What can affect the length of the probationary period?

If during the probationary period the employee was absent from work, the probationary period is extended by the number of days when the employee was not at the workplace. The reasons for extending the probationary period may be the following:

  • period of temporary disability;
  • leave without pay;
  • suspension from work

Dismissal during the probationary period

In accordance with Art. 71 of the Labor Code of the Russian Federation, both the employee and the employer can unilaterally terminate an employment contract during the probationary period:

Reason for termination of employment contract The mechanism for terminating an employment contract
If the test result is unsatisfactory, the employeeThe employer, before the expiration of the probationary period, warns the employee about the termination of the employment contract in writing no later than three days in advance, indicating the reasons that served as the basis for recognizing this employee as having failed the test.

Termination of the employment contract is made without taking into account the opinion of the relevant trade union body and without payment of severance pay.

During the trial period, the employee came to the conclusion that the job offered to him was not suitable for him.The employee has the right to terminate the employment contract at his own request, notifying the employer in writing three days in advance

Example:

Employee Mikhailova M.M. hired on 10/15/2017. During the period of work, the employee realized that the work did not suit her and decided to quit during the probationary period, the duration of which was 3 months. November 15, 2017 Mikhailova M.M. wrote a letter of resignation from 11/18/2017. The employer does not have the right to force an employee who is on probation to work for 2 weeks.

If at the end of the probationary period the employee continues his labor activity, the probationary period can be considered successfully completed.

Questions and answers

  1. The employer said that he did not plan to continue working with me after the probationary period, but my probationary period ends in 2 days. Do I understand correctly that after 3 days I can not go to work?

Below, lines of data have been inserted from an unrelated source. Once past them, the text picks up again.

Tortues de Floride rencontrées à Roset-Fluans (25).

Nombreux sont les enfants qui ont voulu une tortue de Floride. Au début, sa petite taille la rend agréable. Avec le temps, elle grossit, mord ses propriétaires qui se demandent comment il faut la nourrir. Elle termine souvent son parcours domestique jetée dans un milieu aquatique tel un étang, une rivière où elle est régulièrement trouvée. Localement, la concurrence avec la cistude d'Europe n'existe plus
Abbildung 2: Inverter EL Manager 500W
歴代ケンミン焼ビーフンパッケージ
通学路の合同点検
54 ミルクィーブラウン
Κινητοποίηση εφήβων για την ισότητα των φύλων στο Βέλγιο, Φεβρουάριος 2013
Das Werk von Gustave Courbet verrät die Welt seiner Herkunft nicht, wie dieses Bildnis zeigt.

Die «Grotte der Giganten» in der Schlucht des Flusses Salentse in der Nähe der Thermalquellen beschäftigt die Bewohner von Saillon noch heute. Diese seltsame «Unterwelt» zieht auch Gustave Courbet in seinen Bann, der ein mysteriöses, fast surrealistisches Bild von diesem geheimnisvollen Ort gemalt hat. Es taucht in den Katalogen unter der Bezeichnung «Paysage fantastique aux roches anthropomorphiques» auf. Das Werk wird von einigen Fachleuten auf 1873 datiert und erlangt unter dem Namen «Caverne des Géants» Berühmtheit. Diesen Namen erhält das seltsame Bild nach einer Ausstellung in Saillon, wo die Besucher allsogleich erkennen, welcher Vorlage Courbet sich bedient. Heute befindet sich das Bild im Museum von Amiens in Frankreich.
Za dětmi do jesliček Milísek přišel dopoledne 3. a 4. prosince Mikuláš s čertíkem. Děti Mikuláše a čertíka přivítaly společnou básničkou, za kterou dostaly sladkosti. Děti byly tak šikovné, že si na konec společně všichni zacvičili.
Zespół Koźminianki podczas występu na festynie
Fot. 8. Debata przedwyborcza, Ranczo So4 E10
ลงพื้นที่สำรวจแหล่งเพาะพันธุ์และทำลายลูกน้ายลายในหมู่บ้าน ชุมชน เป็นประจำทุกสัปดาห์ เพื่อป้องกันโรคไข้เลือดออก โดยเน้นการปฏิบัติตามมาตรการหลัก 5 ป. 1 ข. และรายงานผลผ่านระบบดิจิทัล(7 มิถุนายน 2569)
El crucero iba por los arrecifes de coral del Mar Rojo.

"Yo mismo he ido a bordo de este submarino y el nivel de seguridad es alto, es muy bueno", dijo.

Answer: According to Article 71 of the Labor Code of the Russian Federation, the employer can terminate the employment contract with you before the expiration of the probationary period, but his duty is to notify the employee of the termination of the employment contract in writing no later than three days in advance, indicating the reasons that served as the basis for recognizing this employee as not passed the test. In your case, there is only an oral discussion, so you will have to go to work in 3 days without fail in order to avoid trouble in terms of violation labor law followed by disciplinary action.

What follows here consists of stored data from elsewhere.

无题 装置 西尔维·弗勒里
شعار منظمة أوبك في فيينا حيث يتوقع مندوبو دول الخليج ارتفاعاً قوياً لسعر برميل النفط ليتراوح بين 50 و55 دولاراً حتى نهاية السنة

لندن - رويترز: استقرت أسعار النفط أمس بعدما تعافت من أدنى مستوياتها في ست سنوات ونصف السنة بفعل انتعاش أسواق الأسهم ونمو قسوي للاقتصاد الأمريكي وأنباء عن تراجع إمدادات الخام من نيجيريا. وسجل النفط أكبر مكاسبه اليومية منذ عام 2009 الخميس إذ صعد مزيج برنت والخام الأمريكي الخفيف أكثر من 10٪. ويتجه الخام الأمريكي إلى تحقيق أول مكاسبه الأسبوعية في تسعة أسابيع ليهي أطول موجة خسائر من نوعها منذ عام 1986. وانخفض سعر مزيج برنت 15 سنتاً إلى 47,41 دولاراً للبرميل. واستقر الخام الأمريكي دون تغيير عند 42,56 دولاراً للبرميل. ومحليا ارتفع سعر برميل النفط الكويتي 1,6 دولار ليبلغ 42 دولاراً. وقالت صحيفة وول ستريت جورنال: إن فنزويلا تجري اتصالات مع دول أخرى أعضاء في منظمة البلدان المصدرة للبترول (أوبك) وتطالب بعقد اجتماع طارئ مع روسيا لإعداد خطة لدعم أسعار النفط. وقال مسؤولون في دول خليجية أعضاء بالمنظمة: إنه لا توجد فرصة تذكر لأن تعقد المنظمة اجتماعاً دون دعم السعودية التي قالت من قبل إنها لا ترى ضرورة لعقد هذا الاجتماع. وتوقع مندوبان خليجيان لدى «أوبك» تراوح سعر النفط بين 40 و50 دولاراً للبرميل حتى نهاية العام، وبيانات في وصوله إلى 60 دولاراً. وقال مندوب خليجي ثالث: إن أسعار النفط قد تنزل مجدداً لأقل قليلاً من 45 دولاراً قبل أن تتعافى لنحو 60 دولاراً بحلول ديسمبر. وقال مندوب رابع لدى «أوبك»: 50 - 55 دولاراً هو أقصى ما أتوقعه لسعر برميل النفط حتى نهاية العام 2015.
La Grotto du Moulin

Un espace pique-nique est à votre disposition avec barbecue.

  1. I made the decision to quit during my probationary period. Can I qualify for severance pay?

Answer: In accordance with Art. 71 of the Labor Code of the Russian Federation, termination of an employment contract during the probationary period is carried out without taking into account the opinion of the relevant trade union body and without paying severance pay. Based on this normative act You don't have to count on severance pay.

  1. I am planning a transfer from one department to another within the same organization. Will I be placed on probation again?

Answer: No, in the case of a transfer from one department to another within the same organization, a probationary period will not be assigned. Even in the case of a transfer from one employer to another, within the framework of an agreement between employers, a probationary period is also not assigned.